Geoff Travis, the founder and head of Rough Trade, is a remarkable man. He pissed off Morrissey enough to provoke him to write Frankly, Mr Shankly. Songs To Remember was the best selling album on his label up to that point, but he recognised that he didn’t have the resources to help Gartside make the records he wanted to. He did, however, introduce him to similar minded souls. Rough Trade employed a New York assistant engineer called David Gamson who could also play keyboards and programme synthesisers. The pair hit it off immediately. An early song they wrote together, L Is For Lover, was later produced and arranged by Nile Rogers as the title track for Al Jarreau’s 1986 LP. They travelled to New York and teamed up with Material drummer Fred Maher, tech-savvy enough to be Kraftwerk’s drum programmer. A new incarnation of Scritti Politti was born, this time signed to Virgin/Warner Brothers and with Bob Last as manager. Doors opened. Introductions were made. Before they knew it, they were working in the dazzling New York City Power Station studios with Arif Mardin, legendary producer of Aretha Franklin, Dionne Warwick, Average White Band and a host of others, who had recently triumphed with Chaka Khan.
Wood Beez (Pray Like Aretha Franklin) was the first release and a jaw-dropping transformation. Mardin brought his I Feel For You team, merging several different sounds at once from the moment the drums crash the track into a start. Maher plays a LinnDrum and AWB’s Steve Ferrone guests on a standard kit. The keyboard players are David Frank, described as “the founding father of electronic R&B” by Yamaha Music and Dusty Springfield pianist Paul Buchanon. Paul Jackson Jnr, who played on Thriller, provides the sparkling rhythm guitar threading the contrapunctal parts together. There is a lot of Fairlight programming, including by JJ Jeczalik of Art Of Noise, and a group of backing singers. Wood Beez makes a virtue of eighties production techniques: layered harmonies, reverb heavy, and careful attention to detail, yielding a rich, glittery sound. When Arethra said a little prayer, she brought with her decades of faith and singing in church. Her epiphany was sexual and secular. To Gartside, a lifelong atheist, listening to soul music had become almost a religious experience. You can hear it in his featherlight voice as it is propelled towards ecstasy by the rapturous music. A love song about love songs. Nevertheless, Gartside cannot resist getting up to some mischief in the final verse, alluding to drug abuse and severe mental illness. In March and April 1984, it sprang from the airways as exhilarating as a new romance, a fizzing celebration of falling in love.

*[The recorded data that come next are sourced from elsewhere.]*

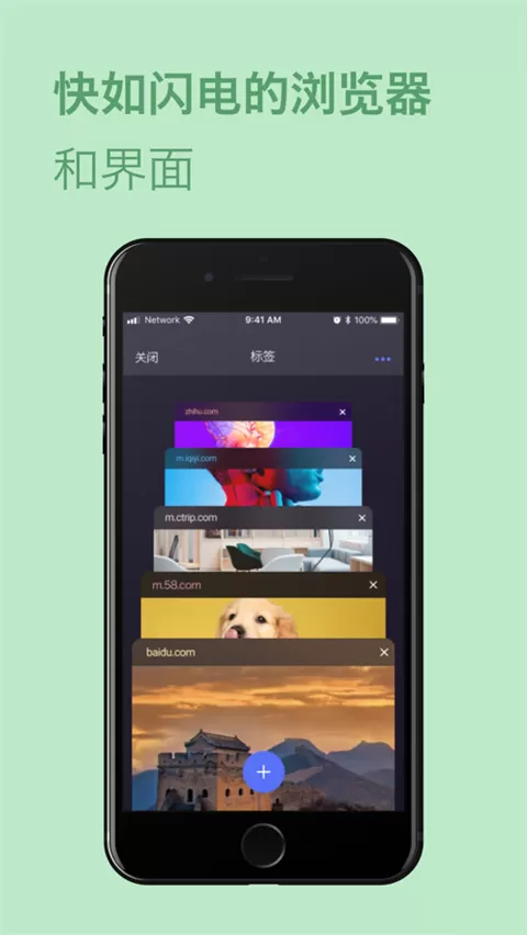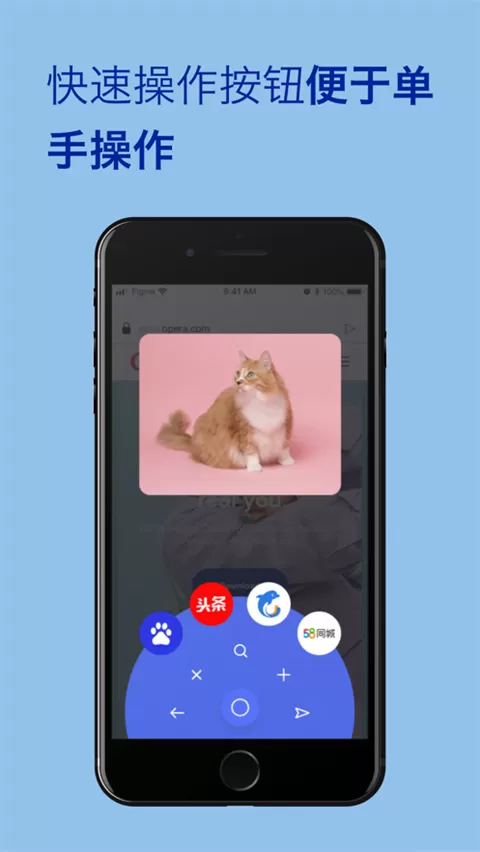 Opera 浏览器被打造为 iOS 上最快的移动浏览器。当您打开 Opera 的瞬间,它就立刻做好进行搜索的准备。快速操作按钮始终显示在浏览器屏幕上,以便您能直接进行即时搜索。
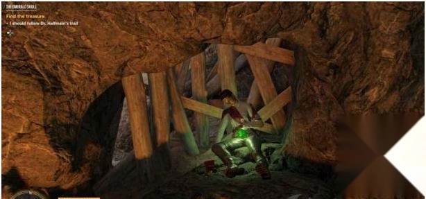 2、穿过洞穴后,您需要通过几个抓握点继续前进。在洞穴的尽头,您会找到一个绿色头骨,拾取它后会触发手榴弹陷阱爆炸,从而炸开一条通路。
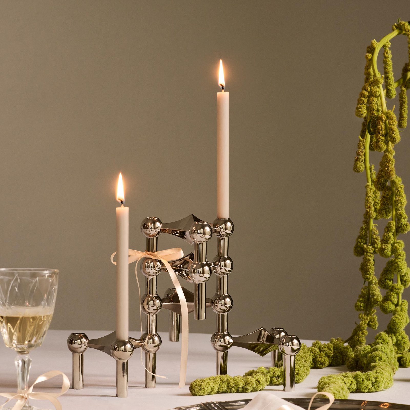 Candles made for the STOFF Nagel holders, sized to fit exactly. They’re mostly paraffin with about 10% beeswax, which slows the burn and gives a faint, natural honey note. One lasts close to three hours — long enough for a meal or an evening with friends.
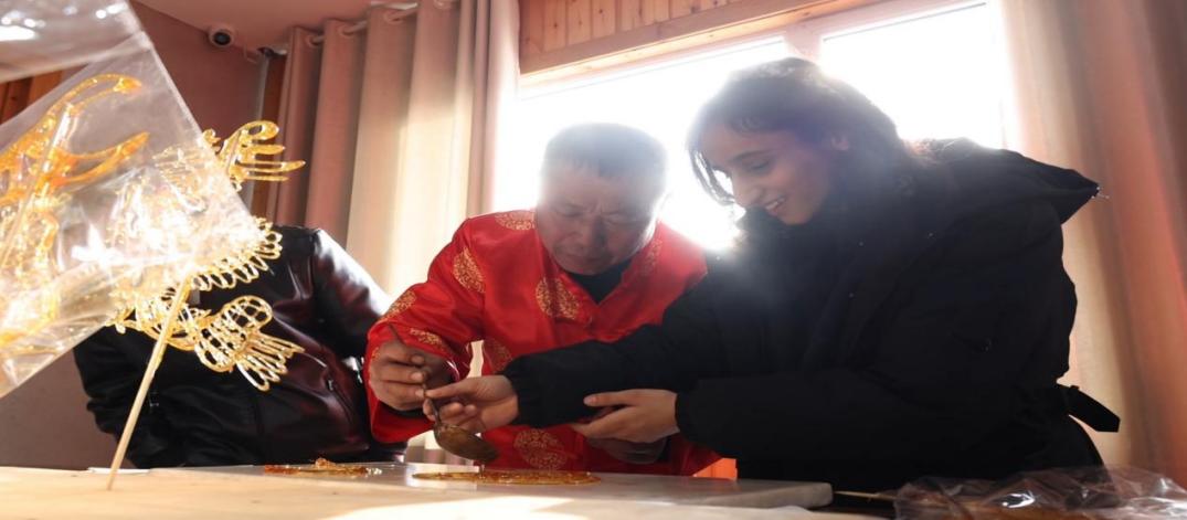 糖画体验环节同样趣味盎然。市级非遗传承人张德友以马、龙等典型符号为题材,现场展示糖画“一笔成型”的高超技艺,并讲解其中“映福纳吉”的美好寓意,使留学生们直观感受到了“甜满新春”的民俗意趣。
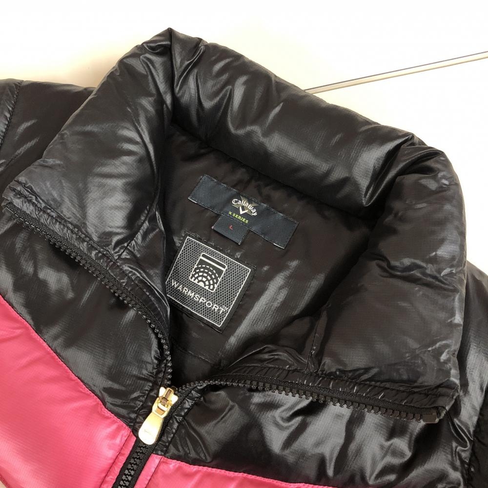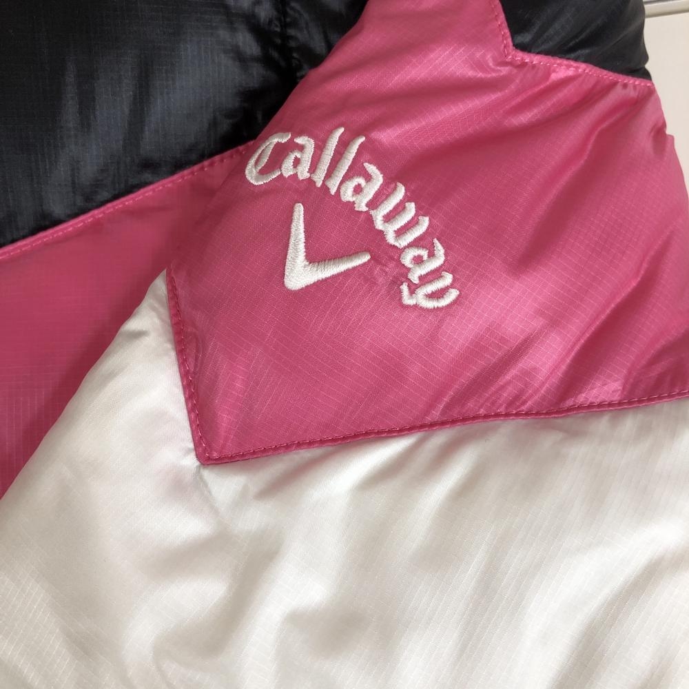 【美品】キャロウェイ ダウンジャケット 黒×ピンク×白 袖着脱可 レディース L ゴルフウェア Callaway
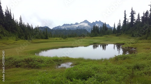 landscape, nature, water, mountain, tree, vegetation, serene, cloudy, outdoors, scenery, tranquil, wilderness, environment, park, green, lake, meadow, wetland, sky, fog, calm, travel, exploration, ecosystem, natural, wildlife, grandeur, peaceful, remote, scenic, summer, adventure, relaxation, beauty, rural, habitat, wetland, hiking, flora, fauna, crystal, bright, picturesque, panoramic
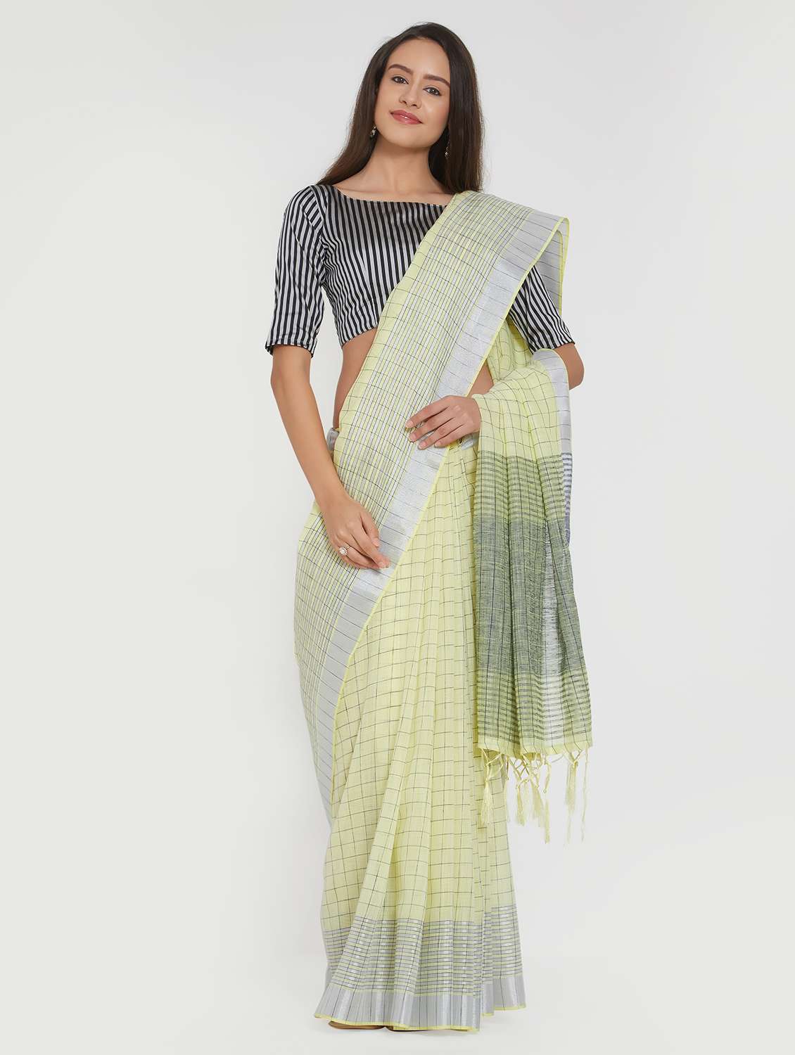 - » checkered linen handloom saree with blouse
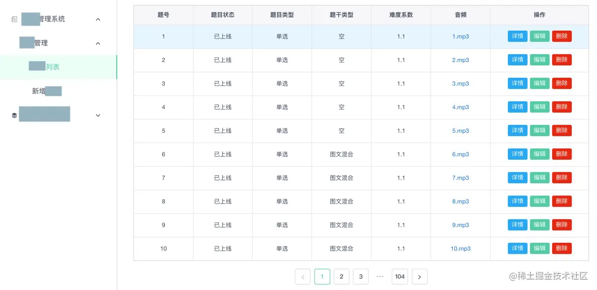 表格:columns:表头数据data:数据分页:total:分页显示多少条数据page-size:每页显示多少条数据on-change:改变页码回调,返回值:当前页码on-page-size-change:切换每页条数时回调,返回值:每页的数据条数JS:

Absolute repeated the trick with the same crew just a few months later. After a vulnerable, needy introductory vocal backed by a shimmering keyboard, hi-hats, drum pads, tambourines and bells flutter around a dislocated beat. It’s a complicated, layered sound with heavy drums that still manages to feel airy and light. Gartside is dreaming of the object of his desire he refers to as Absolute. The melody is beautifully resolved in a gleeful explosion of a bridge, placed bang in the middle of the track. The mention of vodka, the Swedish brand, questions if all the sweet talk is just a drunken reverie dedicated to alcohol but Brenda Joy (BJ) Nelson, Tawatha Agee and Fonzi Thornton are everywhere in the mix, cooing “love, love, you” to reassure us until the end.
Hypnotize, spelt the American way, was the next single, again released in 1984, and the first without Mardin and his musicians. Gamson had quite a number of new toys to play with: Roland Jupiter-8, PPG, Fender Rhodes, Minimoog, Yamaha DX7, Roland MSQ-700, Oberheim DMX, Oberheim OB-X, Fairlight CMI, Roland JX-8P. However, you wouldn’t have noticed the change at the time. These modern machines could be programmed slightly offset, increasing the sense of feel and groove, mimicking real musicians. Hypnotize still has the inside out beats, chords taken apart to be rebuilt in a different shape and fragments of melody stitched together into a bigger sounding whole. Effervescent keyboard riffs chirp away, augmented by the ORCH5 sample, better known as the “orchestra hit”, believed by many to be sampled from Stravinsky’s The Firebird. There is some smooth guitar from Ira Siegel. A pair of bored lovers squabble. Perhaps, this is an unrequited love, BJ Nelson adorable in the female role. Without Mardin’s plush touches and heavy bass, it has a harder, more assertive edge. Gartside, suitably bedazzled, confirms his inability to express his feelings in the coda, ruefully struggling to say I love you.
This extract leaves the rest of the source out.